> Given data:
--- START ---
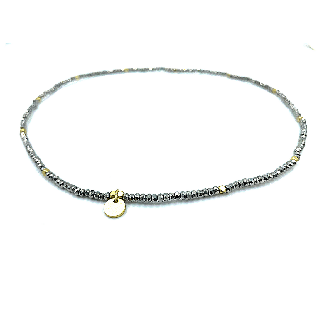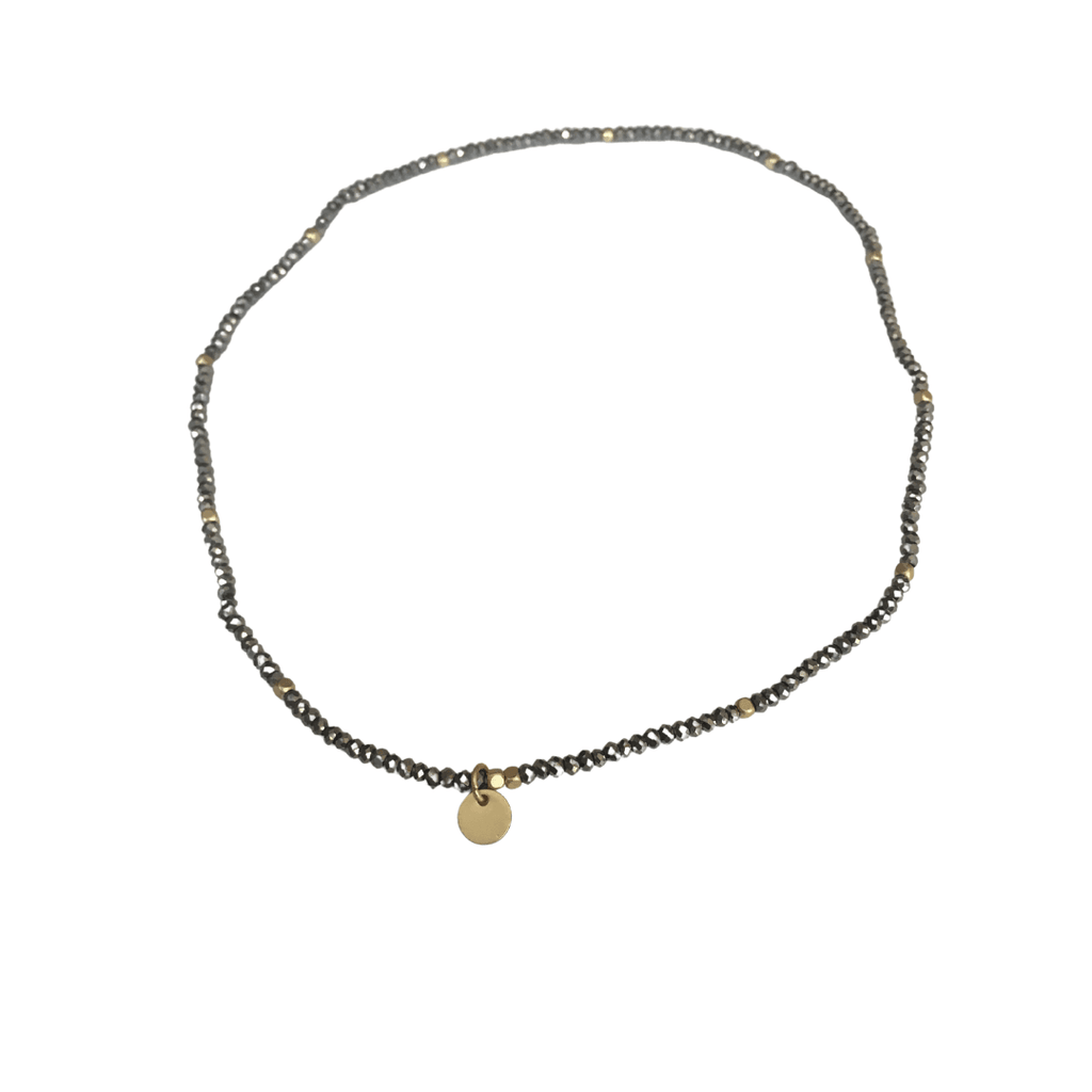 An erin gray classic stretch choker. Pyrite beads surround this necklace with gold-filled beads and a dainty gold-filled dot circle charm. Wear it alone or layer with others.
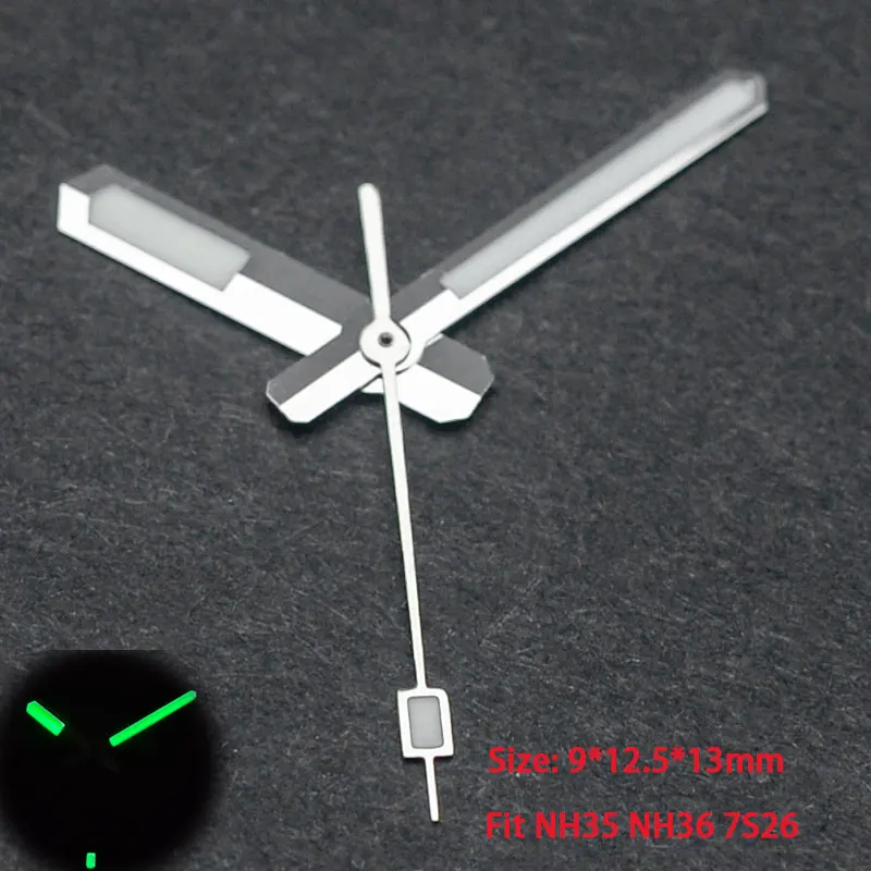 - These silver-colored hands measure 9.0*12.5*13.0 mm, fitting perfectly with NH35, NH36, 4R36, and 7S26 automatic movements, ensuring compatibility for a variety of watch models.
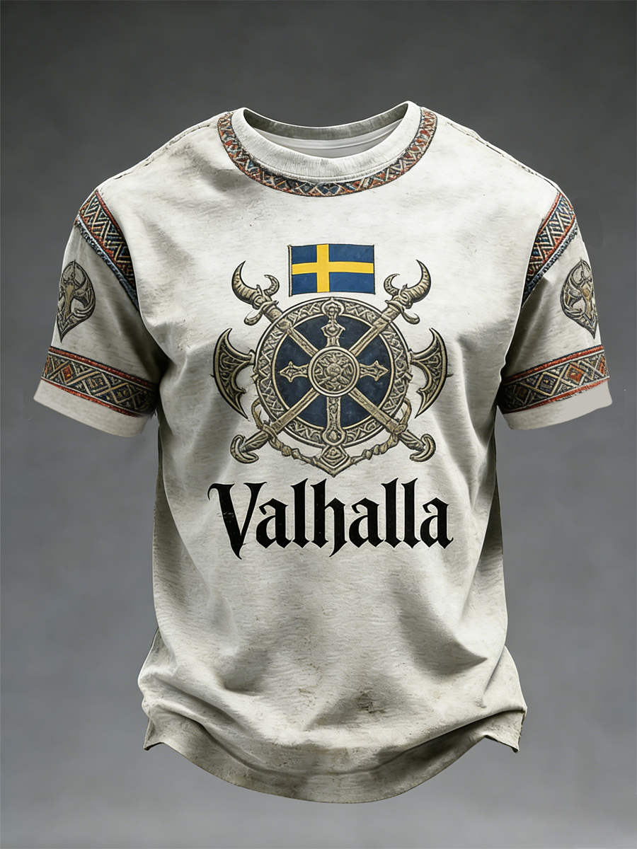 Herren T-Shirt im schwedischen Viking-Stil Val halla bedruckt
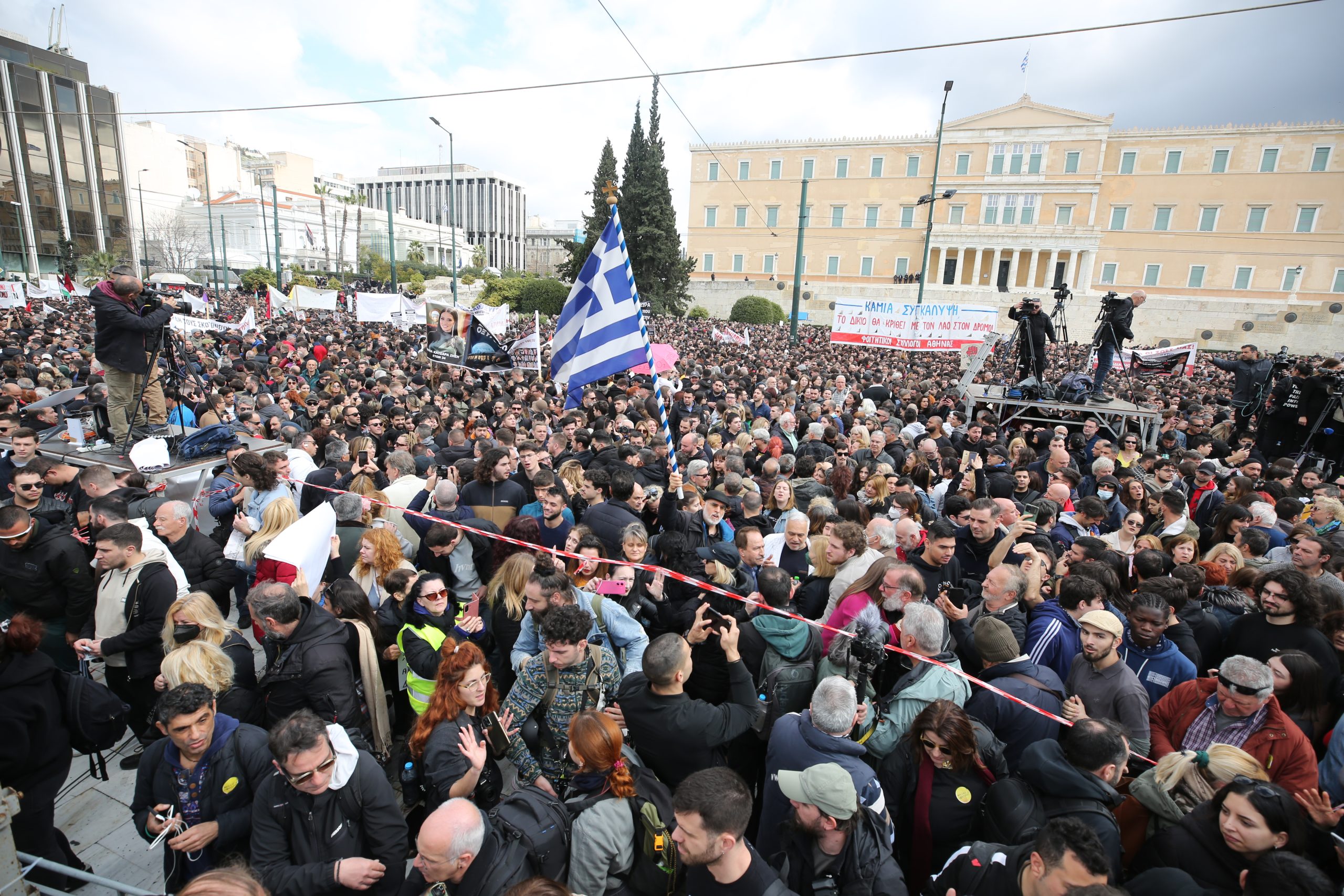 Με την ομιλία της Μαρίας Καρυστιανού ολοκληρώθηκε το μεγάλο συλλαλητήριο της Αθήνας, που πραγματοποιήθηκε στη μνήμη των 57 θυμάτων του σιδηροδρομικού δυστυχήματος των Τεμπών.
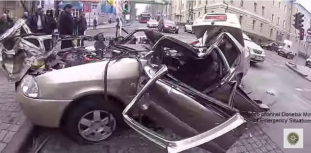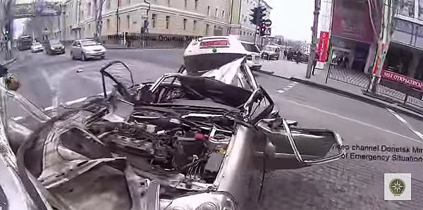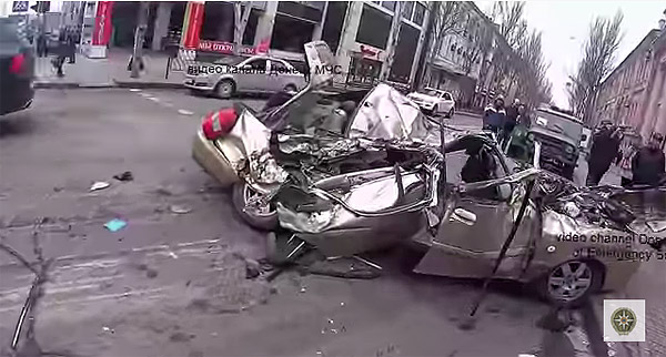 30 января 2015 года в Донецке 30-тонная гаубица боевиков раздавила легковушку, припаркованную на обочине. ДТП произошло в Куйбышевском районе.
--- END ---
> Directions:
Only the lines from the line holding "Herren T-Shirt im" through the last line above belong in the answer, repeated exactly; the pictures do not.

> Answer to this exercise:
 Herren T-Shirt im schwedischen Viking-Stil Val halla bedruckt
 Με την ομιλία της Μαρίας Καρυστιανού ολοκληρώθηκε το μεγάλο συλλαλητήριο της Αθήνας, που πραγματοποιήθηκε στη μνήμη των 57 θυμάτων του σιδηροδρομικού δυστυχήματος των Τεμπών.
 30 января 2015 года в Донецке 30-тонная гаубица боевиков раздавила легковушку, припаркованную на обочине. ДТП произошло в Куйбышевском районе.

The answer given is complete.